From: Tom Lane <tgl(at)sss(dot)pgh(dot)pa(dot)us>
To: pgsql-hackers(at)postgreSQL(dot)org
Subject: Replacing plpgsql's lexer
Date: 2009-04-14 20:37:06
Message-ID: 18653.1239741426@sss.pgh.pa.us
Views: Raw Message | Whole Thread | Download mbox | Resend email
Thread:
Lists: pgsql-hackers

Whichever way the current discussion about Unicode literals turns out,
it's clear that plpgsql is not up to speed on matching the core lexer's
behavior --- it's wrong anyway with respect to
standard_conforming_strings.

I had earlier speculated semi-facetiously about ripping out the plpgsql
lexer altogether, but the more I think about it the less silly the idea
looks. Suppose that we change the core lexer so that the keyword lookup
table it's supposed to use is passed to scanner_init() rather than being
hard-wired in. Then make plpgsql call the core lexer using its own
keyword table. Everything else would match core lexical behavior
automatically. The special behavior that we do want, such as being
able to construct a string representing a desired subrange of the input,
could all be handled in plpgsql-specific wrapper code.

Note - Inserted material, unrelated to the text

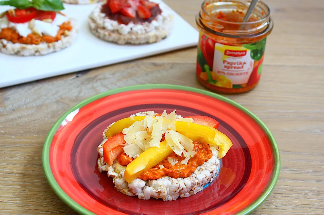 Als basis heb ik de speltwafel met quinoa, boekweit en gierst gebruikt. Smeer hier een laagje paprikaspread op en beleg verder met reepjes paprika en wat geschaafde oude kaas. Ik gebruikte oude Leidse kanter hiervoor. Zalige combi!

I've just spent a few minutes looking for trouble spots in this theory,
and so far the only real ugliness I can see is that plpgsql treats
":=" and ".." as single tokens whereas the core would parse them as two
tokens. We could hack the core lexer to have an additional switch that
controls that. Or maybe just make it always return them as single
tokens --- AFAICS, neither combination is legal in core SQL anyway,
so this would only result in a small change in the exact syntax error
you get if you write such a thing in core SQL.

Another trouble spot is the #option syntax, but that could be handled
by a special-purpose prescan, or just dropped altogether; it's not like
we've ever used that for anything but debugging.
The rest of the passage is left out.